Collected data
-------

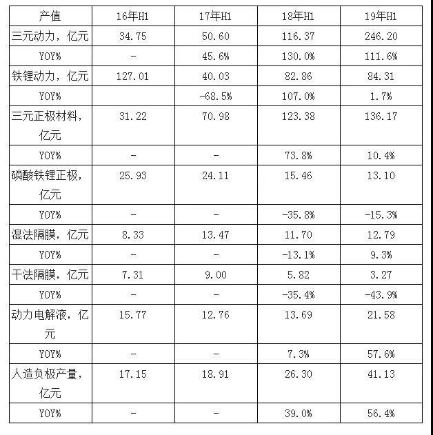 一、2019年H1各板塊產(chǎn)值:三元?jiǎng)恿﹄姵?、人造?fù)極、電解液漲幅居前
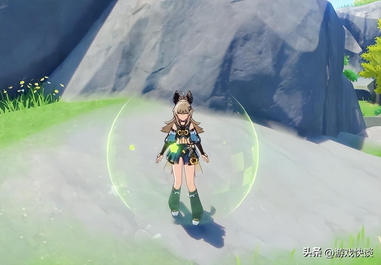 首先要知道,绮良良的定位是拥有一定挂草能力的盾辅角色,核心天赋为元素战技,短按触发草元素伤害并为自身套盾,与迪奥娜十分类似。
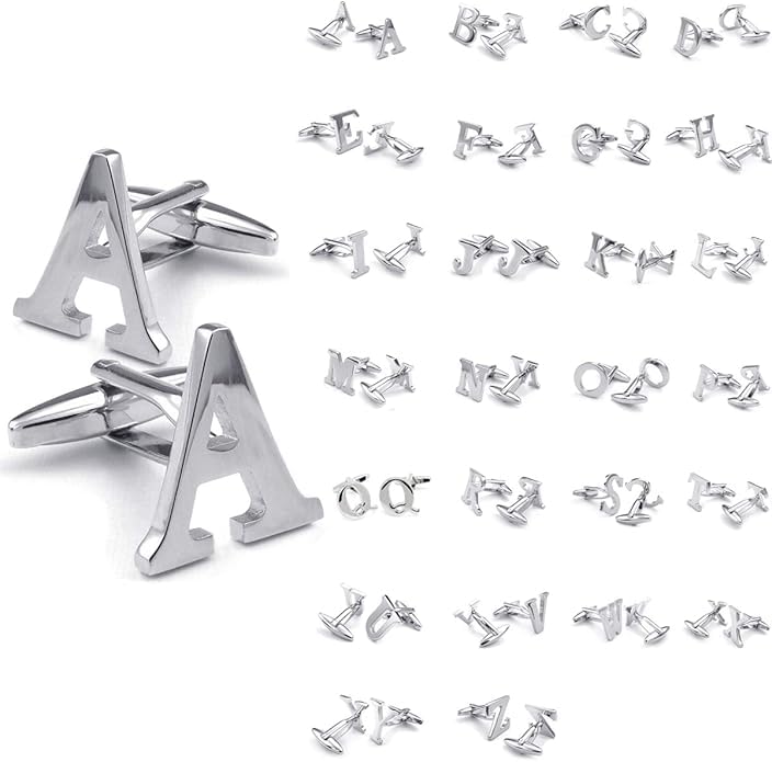fashion mania - ازرار اكمام بتصميم حروف ابجدية من الستانلس ستيل للرجال افضل هدية للزوج او الصديق
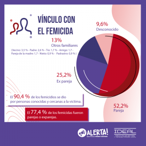 recopilación de datos, es que las mujeres mueren en mayor medida en mano de varones de su círculo íntimo, predominantemente de parejas, un 52,2% y ex parejas, un 25,2% . El 90,4 % de los femicidios se dio por personas conocidas y cercanas a la victima.
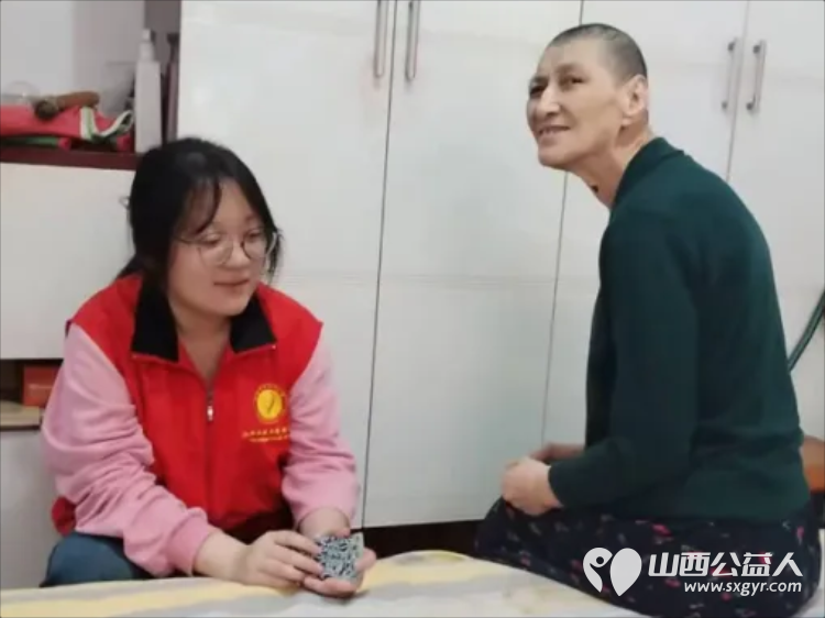 给大娘带了葡萄、橘子等水果。帮大娘剪指甲、打扫房间,陪大娘玩纸牌、讲故事,逗得大娘眉开眼笑
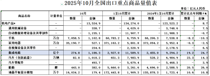 2025年前10个月重要外贸数据一览
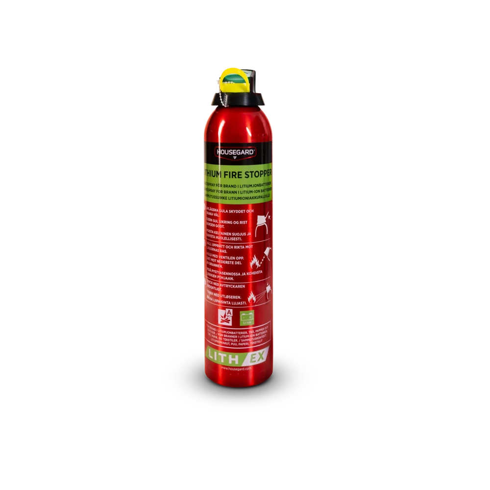 Lith-EX on kehitetty litiumioniakkujen aiheuttamille paloille kodeissa, joissa elektronisia laitteita ladataan. Se sijoitetaan latauspaikkojen läheisyyteen, jotta se on helposti saatavilla alkavan palon varalta. Seinäteline sisältyy.

-------

- _Work instructions_: Return only the part above that opens with the line containing "首先要知道,绮良良的定位是拥" and closes with the line containing "2025年前10个月重要外贸数据一览", exactly and with both ends, skipping the pictures.

- _Answer to this task_:
 首先要知道,绮良良的定位是拥有一定挂草能力的盾辅角色,核心天赋为元素战技,短按触发草元素伤害并为自身套盾,与迪奥娜十分类似。
fashion mania - ازرار اكمام بتصميم حروف ابجدية من الستانلس ستيل للرجال افضل هدية للزوج او الصديق
 recopilación de datos, es que las mujeres mueren en mayor medida en mano de varones de su círculo íntimo, predominantemente de parejas, un 52,2% y ex parejas, un 25,2% . El 90,4 % de los femicidios se dio por personas conocidas y cercanas a la victima.
 给大娘带了葡萄、橘子等水果。帮大娘剪指甲、打扫房间,陪大娘玩纸牌、讲故事,逗得大娘眉开眼笑
 2025年前10个月重要外贸数据一览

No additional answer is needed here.